A major controversy over the construction of the Dakota Access Pipeline near the Standing Rock Sioux reservation dominated the news (Bismarck Tribune carried a front page story on the event) and made its way into the hearing when tribal leaders were asked to make comments before the formal testimony. Standing Rock Sioux Tribal Chairman Dave Archambault and Cheyenne River Sioux Tribal Chairman Harold Frazier both spoke in opposition to the pipeline and connected the conflict to historical trauma and current trauma.
Lillian Sparks Robinson of the Administration for Children and Families, U.S. Department of Health and Human Services (HHS) and chair of the Intradepartmental Council on Native American Affairs, said the agency is developing an HHS-wide “comprehensive, integrated and trauma-informed” policy that will be completed before the end of the calendar year. The policy is being developed, she said, in cooperation with other federal agencies and with American Indian and Alaska Native partners.
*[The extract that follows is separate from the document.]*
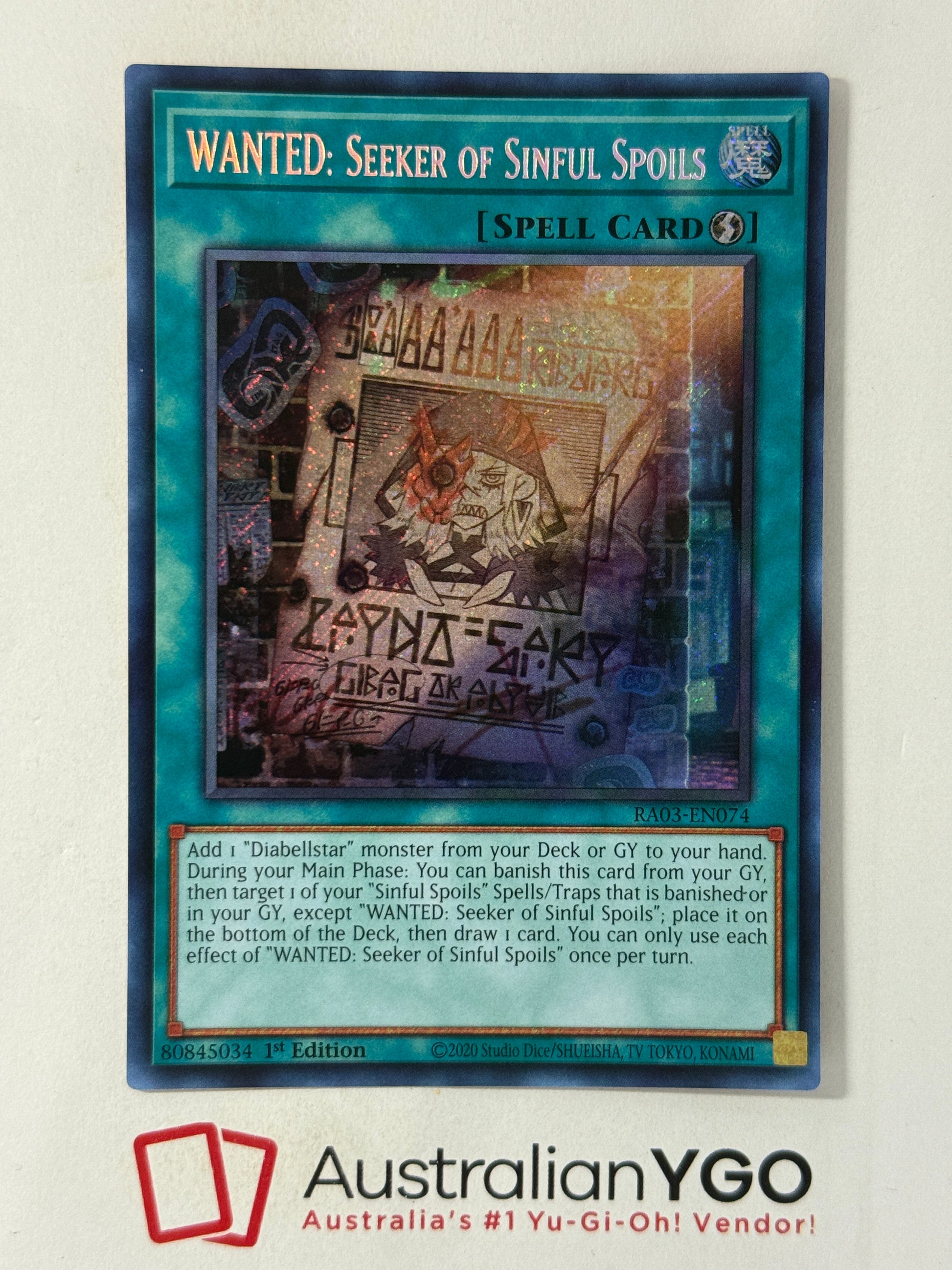 WANTED: SEEKER OF SINFUL SPOILS RA03-EN074 Secret Rare, Near Mint, 1st Edition. American

The Council (formerly called the Roundtable on Trauma-Informed Native American Communities) met with Sparks Robinson this spring to discuss the importance of moving ahead with the development of this policy, specifically requested by 12 U.S. Senators in a December 17, 2015 letter to HHS.
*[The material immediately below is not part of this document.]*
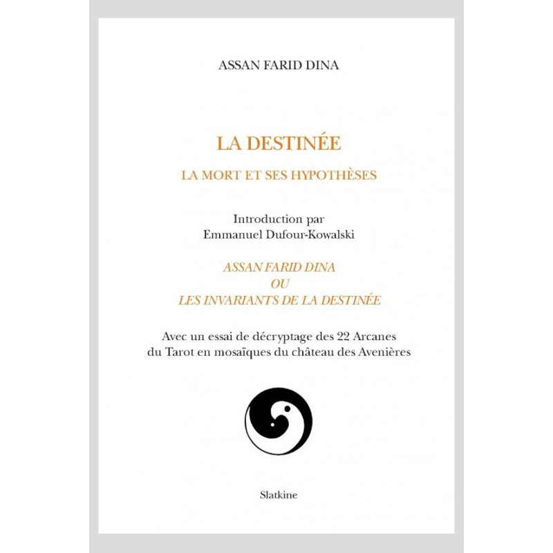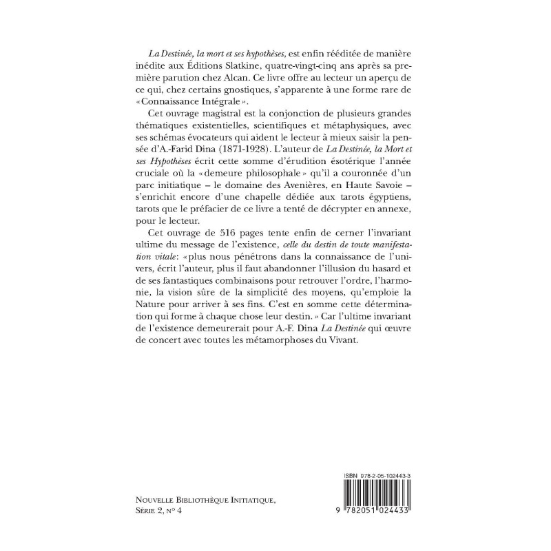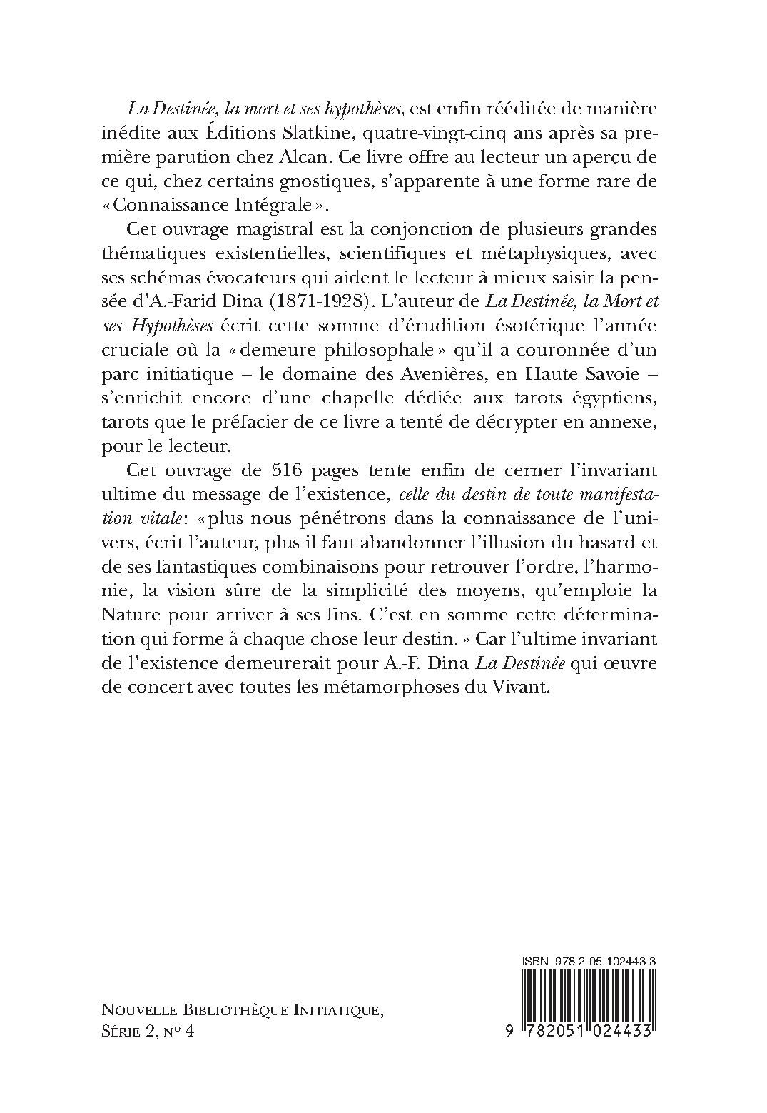 La Destinée, la mort et ses hypothèses, est enfin rééditée de manière inédite aux Éditions Slatkine, quatre-vingt-cinq ans après sa première parution chez Alcan. Ce livre offre au lecteur un aperçu de ce qui, chez certains gnostiques, s’apparente à une forme rare de « Connaissance Intégrale ». Cet ouvrage magistral est la conjonction de plusieurs grandes thématiques existentielles, scientifiques et métaphysiques, avec ses schémas évocateurs qui aident le lecteur à mieux saisir la pensée d’A.-Farid Dina (1871-1928). L’auteur de La Destinée, la Mort et ses Hypothèses écrit cette somme d’érudition ésotérique l’année cruciale où la «demeure philosophale » qu’il a couronnée d’un parc initiatique – le domaine des Avenières, en Haute Savoie – s’enrichit encore d’une chapelle dédiée aux tarots égyptiens, tarots que le préfacier de ce livre a tenté de décrypter en annexe, pour le lecteur. Cet ouvrage de 516 pages tente enfin de cerner l’invariant ultime du message de l’existence, celle du destin de toute manifestation vitale : « plus nous pénétrons dans la connaissance de l’univers, écrit l’auteur, plus il faut abandonner l’illusion du hasard et de ses fantastiques combinaisons pour retrouver l’ordre, l’harmonie, la vision sûre de la simplicité des moyens, qu’emploie la Nature pour arriver à ses fins. C’est en somme cette détermination qui forme à chaque chose leur destin. » Car l’ultime invariant de l’existence demeurerait pour A.-F. Dina La Destinée qui œuvre de concert avec toutes les métamorphoses du Vivant.

Dr. Zach Kaminsky, of Johns Hopkins University School of Medicine, opened the afternoon roundtable with a presentation on historical trauma, epigenetics (the interface between genes and the environment) and the implications for Native American communities. While more research is needed, he pointed to studies that show altered psychiatric outcomes in children of adults who have experienced disaster or trauma, citing historical trauma in Native American communities and holocaust survivors. Trauma-informed initiatives, he suggested, can help break the cycle of negative epigenetic changes.
Dr. Donald Warne, chair of Public Health, North Dakota State University, recommended the formation of an American Indian ACEs Center in North Dakota to address the effects of historical trauma and human suffering being experienced today. Warne described the need for data to document the impact of ACEs on health and pointed to a study conducted in the state of South Dakota that found high rates of ACEs, depression, alcohol misuse, and unmet health needs in pockets throughout the state, including counties where high numbers of American Indians reside. Findings from the study are reported in “Focus on South Dakota—A Picture of Health,” supported by the Helmsley Charitable Trust.
Myrna Warrington, a councilperson of the Menominee Indian Tribe of Wisconsin, described how the tribe, as part of the state’s Fostering Futures initiative, has achieved tangible results for children and families through early childhood programs and training in trauma of all workers on the reservation.
Anita Fineday, managing director of Casey Family Programs, described the foundation’s commitment to working with tribes and its goal to eliminate the need for foster care, noting how trauma and poverty are intertwined and how efforts are focused on finding solutions that break the cycle caused by poverty, neglect, substance abuse, and mental illness. Casey Family Programs provided support for the speakers to participate in the Roundtable.
On the same day of the Bismarck events, the New York Times carried the second article in a series of three articles about communities addressing trauma. The series points to a vital role for states to play in catalyzing communities to address childhood adversity. The trauma movement is gaining momentum around the country.